Patch Management Software - Setting Up Configuring Automated Patch Deployment


Desktop Central allows automating Patch Management at various levels. For example, Administrators can:

  1. Choose to scan the systems in the network to detect the missing patches.

  2. Scan and download the missing patches.

  3. Scan, download, and deploy the missing patches.

All the above operations can be done for specific set of target computers like few systems will only be scanned, few other systems will be automatically patched and so on.

 

Follow the steps below to create scheduled tasks for automating patch management using Desktop Central:

  1. Click the Admin tab to invoke the Admin page.

  2. Click Automate Patch Deployment link available under Patch Settings

  3. Click Add Scheduled Task button and specify the following:

    1. Specify a name for the task

    2. Select the deployment option from any of the following:

      • Scan the Systems to Identify the Missing Patches: This is the default option, which scans your network to detect the vulnerable applications.

      • Scan the Systems and Download the Missing Patches: Use this option to detect the vulnerable systems/applications in your network and download the corresponding fixes from the specific vendors website.

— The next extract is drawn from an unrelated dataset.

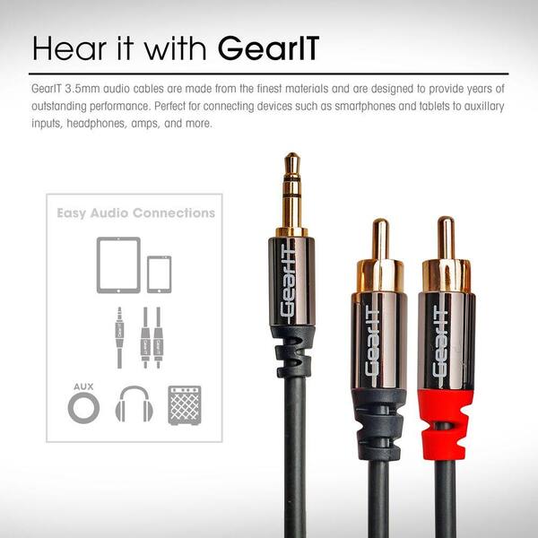 35 ft. 3.5 mm to 2 RCA Stereo Audio Cable with Step Down Design - Black (2-Pack)

      • Download the Missing Patches and Draft the Patch Configuration: Use this option to automatically download the missing patches from the specific vendors website and create a draft of the Patch Configuration. Configure the deployment settings.

        Automatically Download and Deploy the Missing Patches: Use this option to scan the systems periodically to identify the missing patches, download the patches from the specific vendors website, and deploy the patches to the computers. Configure the deployment settings.

      • Configure the deployment settings by specifying the following;

          • Install Options: Time when the installation should take place, during computer start up, refresh interval, or either of the above whichever is earlier.

          • Install between time: The time interval when the installation should happen, install between time interval should be more than 2 hours.

          • Deployment Policy: Whether to continue deployment even if some patches cannot be downloaded.

          • Skip Deployment: Allow users to skip deployment.

          • Show Deployment progress: Show deployment progress in client computers.

          • Reboot policy: Whether to reboot the computer by forcing it or allow the user to reboot later.

    3. After selecting the required option, the next step is to schedule the frequency to scan the systems. You have the following options to schedule:

      • Daily - to schedule the scan to run everyday. You need to specify the starting time and starting day.

      • Weekly - to schedule the scan to run on specific day(s) in a week. You need to specify the starting time and the day(s) on which the scan has to be run.

      • Monthly - to schedule the scan to run on a specific day every month(s). You need to specify starting time, select a day and select a month/months.

      • If you wish a mail to be sent upon successful completion of the task, select the Notify when Task Finishes check box and provide the email address. You can specify multiple email addresses as comma separated values.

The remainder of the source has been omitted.